Write out word for word each line of the records, beginning at the first and stopping after the line with "Trpezarijska stolica koja". Leave the pictures out.

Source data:
"""

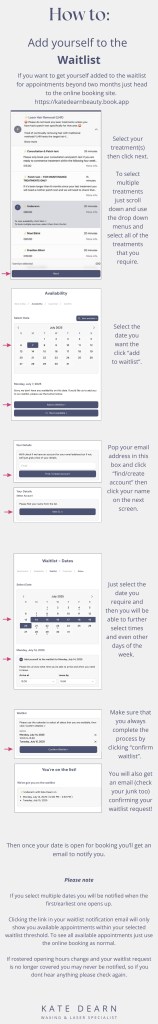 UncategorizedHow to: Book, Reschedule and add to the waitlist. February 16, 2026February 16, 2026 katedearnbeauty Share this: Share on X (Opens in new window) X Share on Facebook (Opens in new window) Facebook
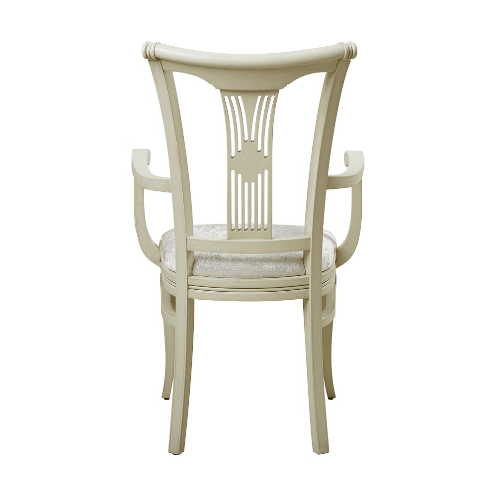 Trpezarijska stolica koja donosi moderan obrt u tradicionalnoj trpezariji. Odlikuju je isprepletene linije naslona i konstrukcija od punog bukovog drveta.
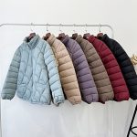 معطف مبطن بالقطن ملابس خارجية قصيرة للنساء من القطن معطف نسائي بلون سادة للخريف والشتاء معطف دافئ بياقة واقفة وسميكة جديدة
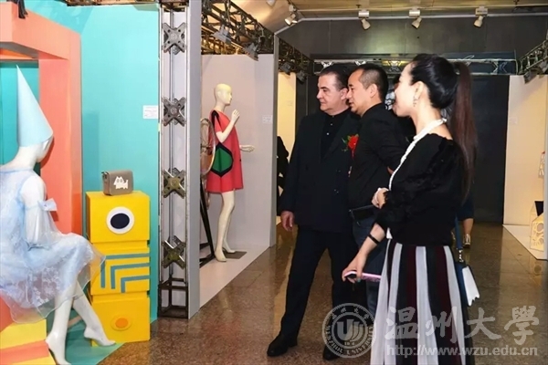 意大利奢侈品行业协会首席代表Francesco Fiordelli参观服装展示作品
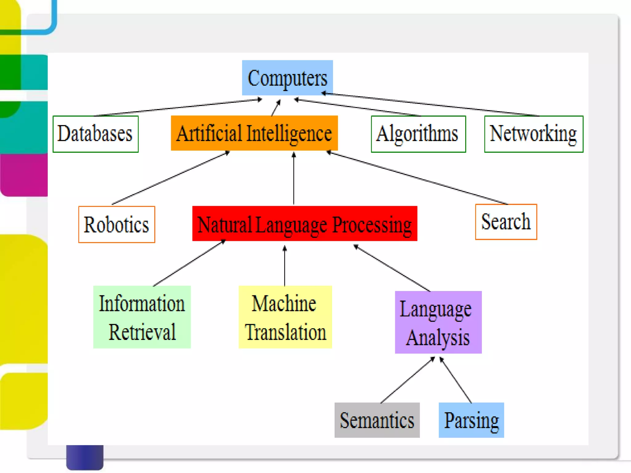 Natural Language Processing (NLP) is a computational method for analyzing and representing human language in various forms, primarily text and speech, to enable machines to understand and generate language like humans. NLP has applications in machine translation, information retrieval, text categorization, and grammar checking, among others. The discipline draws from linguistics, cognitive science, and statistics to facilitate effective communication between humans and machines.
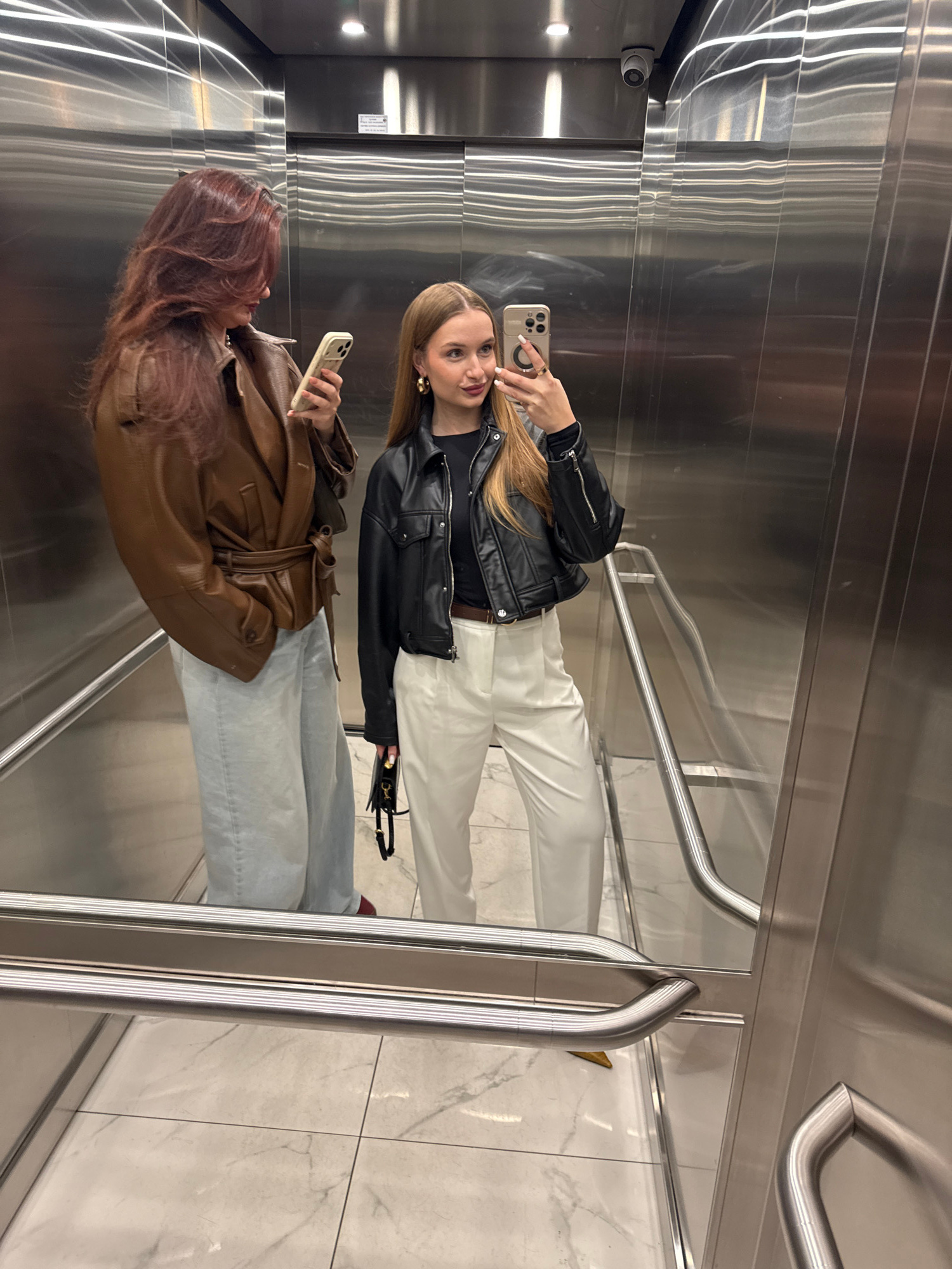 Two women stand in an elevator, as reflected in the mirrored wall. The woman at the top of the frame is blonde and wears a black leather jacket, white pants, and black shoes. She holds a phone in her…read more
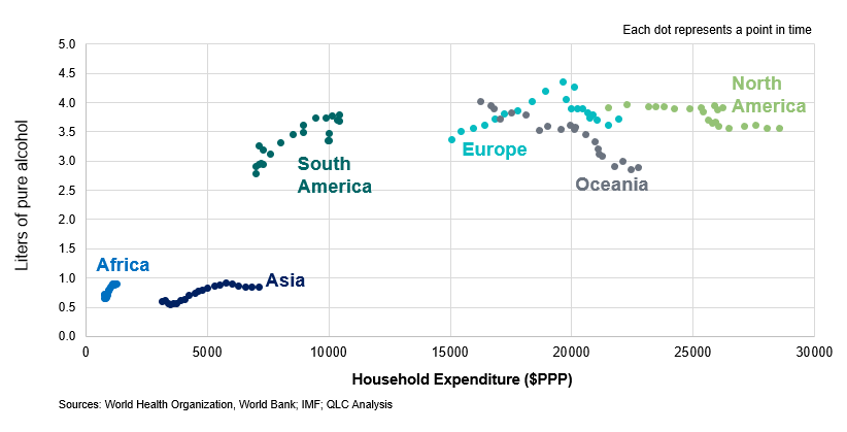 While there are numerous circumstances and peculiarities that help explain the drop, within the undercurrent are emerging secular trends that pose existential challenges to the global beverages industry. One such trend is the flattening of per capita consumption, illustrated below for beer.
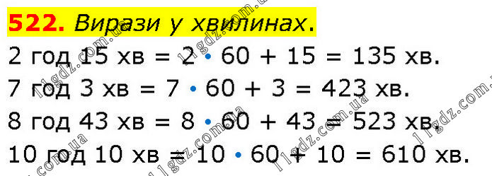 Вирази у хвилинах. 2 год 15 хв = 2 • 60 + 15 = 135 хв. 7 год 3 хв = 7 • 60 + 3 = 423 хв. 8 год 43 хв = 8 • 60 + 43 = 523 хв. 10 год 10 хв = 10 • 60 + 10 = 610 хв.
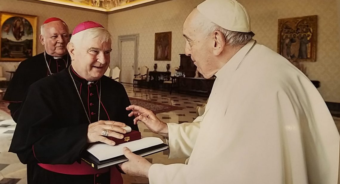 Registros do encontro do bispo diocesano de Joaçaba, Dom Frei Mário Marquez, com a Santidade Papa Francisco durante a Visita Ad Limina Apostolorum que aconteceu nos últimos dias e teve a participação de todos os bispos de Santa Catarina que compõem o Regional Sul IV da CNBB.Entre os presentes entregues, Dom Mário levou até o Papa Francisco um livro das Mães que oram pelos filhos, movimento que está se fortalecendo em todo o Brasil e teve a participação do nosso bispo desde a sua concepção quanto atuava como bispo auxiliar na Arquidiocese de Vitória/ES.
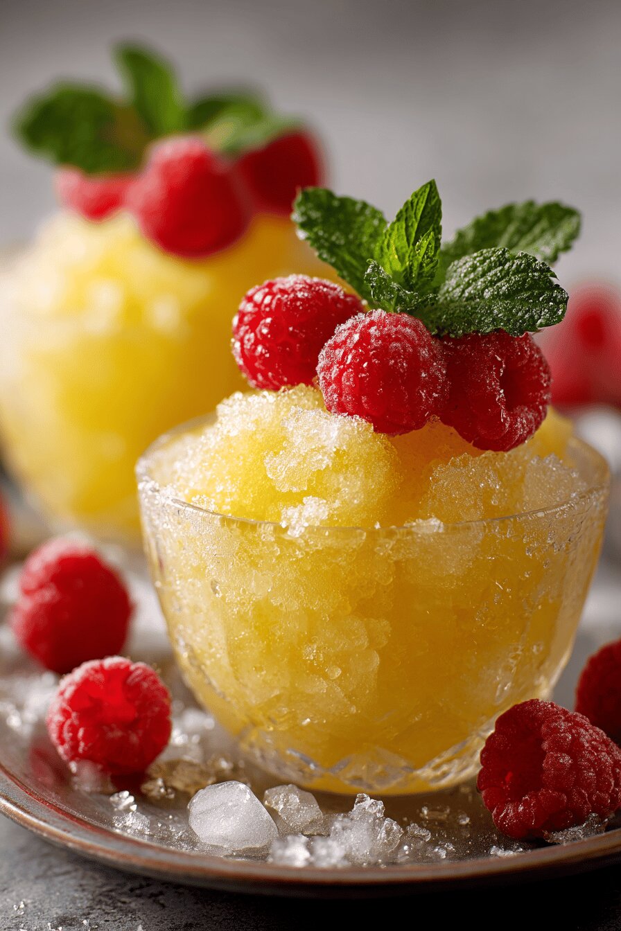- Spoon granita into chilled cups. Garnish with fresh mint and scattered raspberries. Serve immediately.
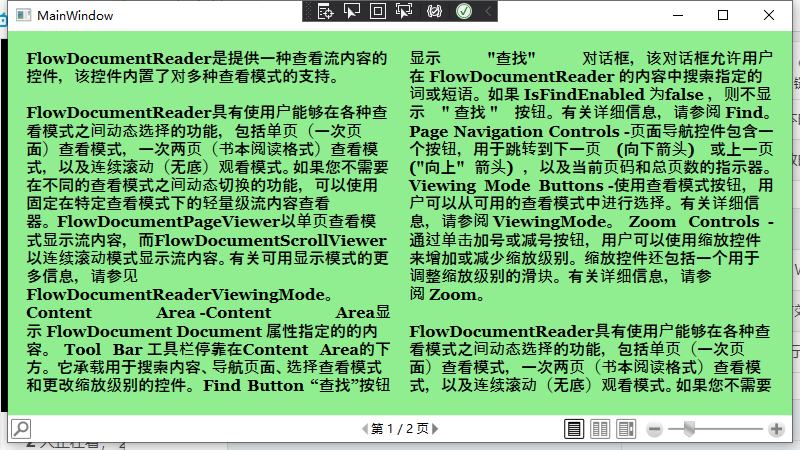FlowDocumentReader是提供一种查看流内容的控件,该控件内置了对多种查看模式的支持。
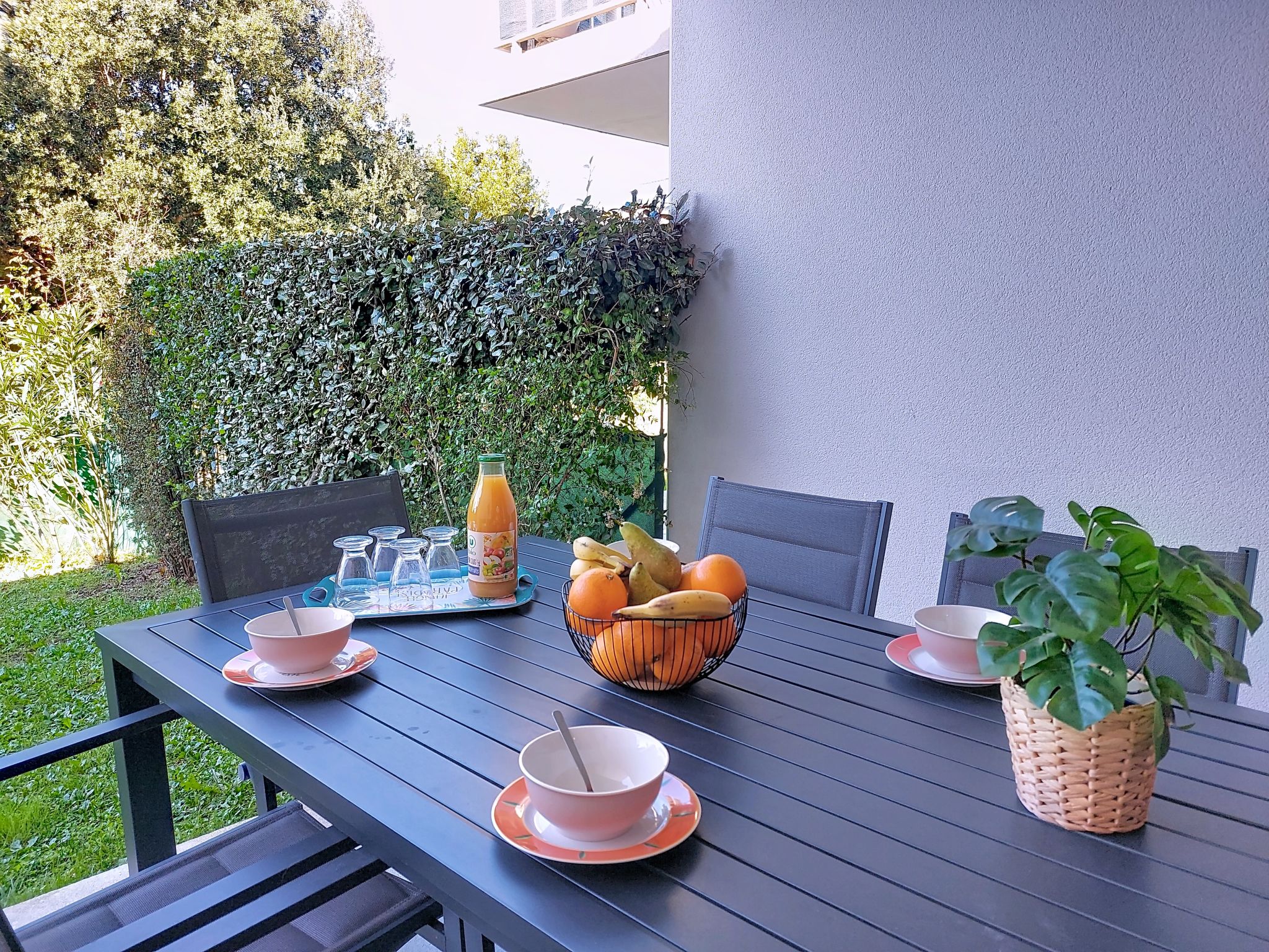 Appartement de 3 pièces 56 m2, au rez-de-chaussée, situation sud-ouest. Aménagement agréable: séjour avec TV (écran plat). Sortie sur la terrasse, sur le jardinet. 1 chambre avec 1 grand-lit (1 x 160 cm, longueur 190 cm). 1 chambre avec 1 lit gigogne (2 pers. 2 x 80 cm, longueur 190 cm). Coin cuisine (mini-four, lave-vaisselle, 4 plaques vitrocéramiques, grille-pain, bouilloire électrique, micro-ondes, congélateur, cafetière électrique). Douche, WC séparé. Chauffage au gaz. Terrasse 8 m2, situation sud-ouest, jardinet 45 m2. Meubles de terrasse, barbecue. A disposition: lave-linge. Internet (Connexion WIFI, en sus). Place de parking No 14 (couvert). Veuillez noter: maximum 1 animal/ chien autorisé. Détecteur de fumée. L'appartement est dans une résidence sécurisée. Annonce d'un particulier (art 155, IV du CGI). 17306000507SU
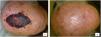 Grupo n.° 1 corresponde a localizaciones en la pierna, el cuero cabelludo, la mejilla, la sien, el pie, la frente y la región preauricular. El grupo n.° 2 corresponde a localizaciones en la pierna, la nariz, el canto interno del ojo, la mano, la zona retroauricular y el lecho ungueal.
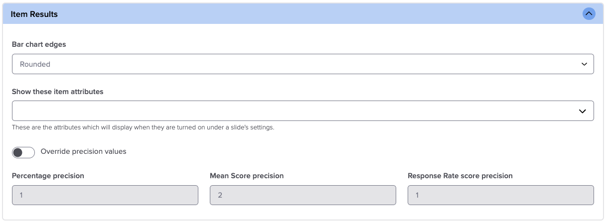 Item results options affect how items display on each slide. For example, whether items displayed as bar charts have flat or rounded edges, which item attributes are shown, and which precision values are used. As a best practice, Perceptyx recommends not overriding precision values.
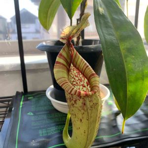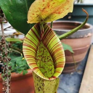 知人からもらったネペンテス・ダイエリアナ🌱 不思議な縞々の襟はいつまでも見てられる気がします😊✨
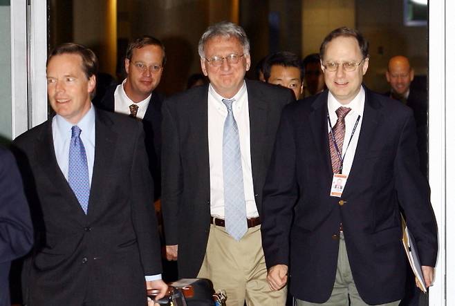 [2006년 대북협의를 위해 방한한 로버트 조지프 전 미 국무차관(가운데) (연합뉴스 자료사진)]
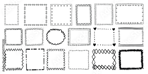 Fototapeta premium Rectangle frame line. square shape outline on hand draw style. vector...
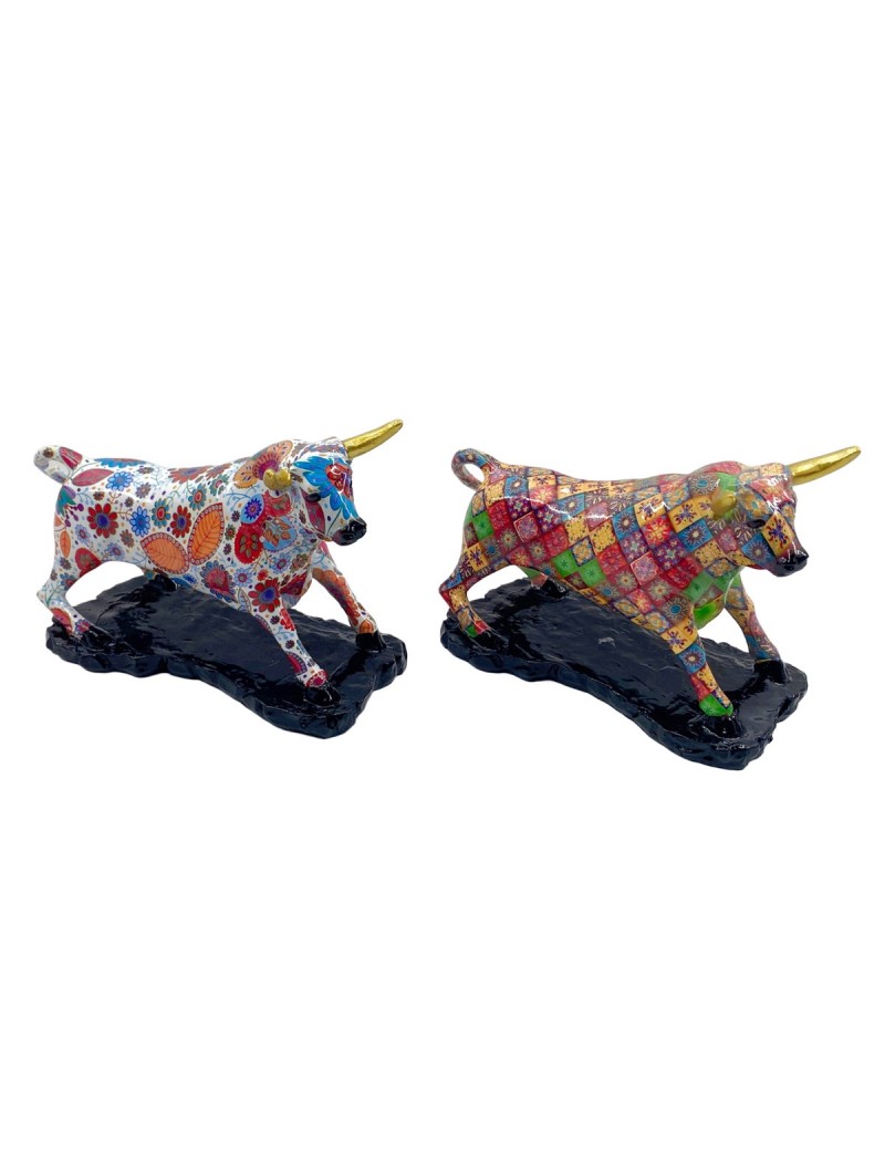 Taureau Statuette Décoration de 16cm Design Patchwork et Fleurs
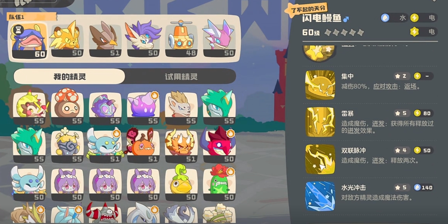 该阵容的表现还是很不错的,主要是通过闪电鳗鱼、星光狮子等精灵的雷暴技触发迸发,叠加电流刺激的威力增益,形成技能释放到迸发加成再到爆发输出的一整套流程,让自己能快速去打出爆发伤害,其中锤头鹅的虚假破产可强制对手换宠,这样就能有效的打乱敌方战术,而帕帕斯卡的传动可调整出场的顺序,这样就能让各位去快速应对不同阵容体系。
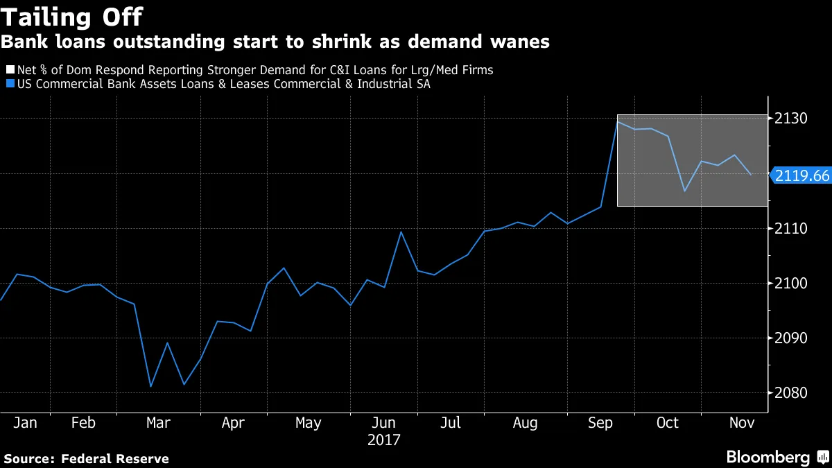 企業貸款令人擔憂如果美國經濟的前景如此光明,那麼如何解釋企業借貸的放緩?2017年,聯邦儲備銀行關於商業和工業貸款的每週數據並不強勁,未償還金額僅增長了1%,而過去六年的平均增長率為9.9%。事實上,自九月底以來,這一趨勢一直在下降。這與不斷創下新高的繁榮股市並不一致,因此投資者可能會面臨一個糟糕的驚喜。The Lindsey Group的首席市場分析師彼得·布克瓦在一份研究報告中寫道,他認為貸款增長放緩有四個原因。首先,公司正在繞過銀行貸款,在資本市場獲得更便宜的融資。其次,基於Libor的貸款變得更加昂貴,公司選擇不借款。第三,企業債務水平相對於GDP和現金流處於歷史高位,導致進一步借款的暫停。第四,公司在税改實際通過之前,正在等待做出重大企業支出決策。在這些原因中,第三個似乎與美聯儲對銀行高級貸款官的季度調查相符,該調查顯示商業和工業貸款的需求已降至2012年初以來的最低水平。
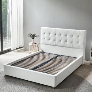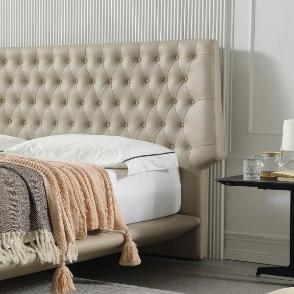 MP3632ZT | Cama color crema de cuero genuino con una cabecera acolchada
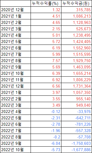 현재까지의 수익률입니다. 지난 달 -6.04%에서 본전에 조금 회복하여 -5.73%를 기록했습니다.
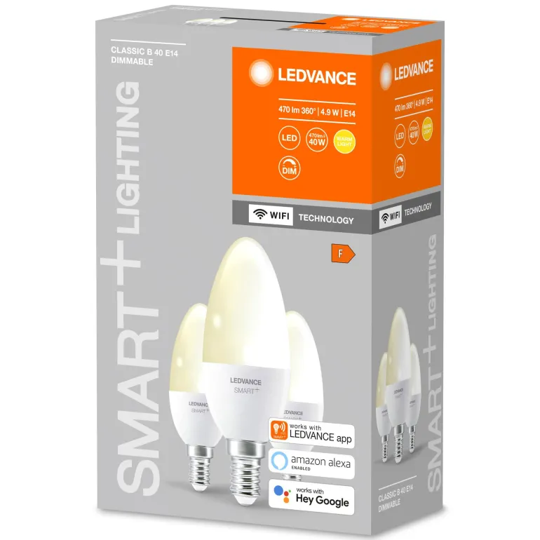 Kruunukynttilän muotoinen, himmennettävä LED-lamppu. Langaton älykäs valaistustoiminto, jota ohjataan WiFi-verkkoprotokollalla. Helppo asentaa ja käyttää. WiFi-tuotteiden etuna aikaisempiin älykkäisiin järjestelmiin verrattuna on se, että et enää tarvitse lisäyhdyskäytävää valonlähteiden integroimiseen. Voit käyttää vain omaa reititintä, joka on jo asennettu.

"""

Response area -
 UncategorizedHow to: Book, Reschedule and add to the waitlist. February 16, 2026February 16, 2026 katedearnbeauty Share this: Share on X (Opens in new window) X Share on Facebook (Opens in new window) Facebook
 Trpezarijska stolica koja donosi moderan obrt u tradicionalnoj trpezariji. Odlikuju je isprepletene linije naslona i konstrukcija od punog bukovog drveta.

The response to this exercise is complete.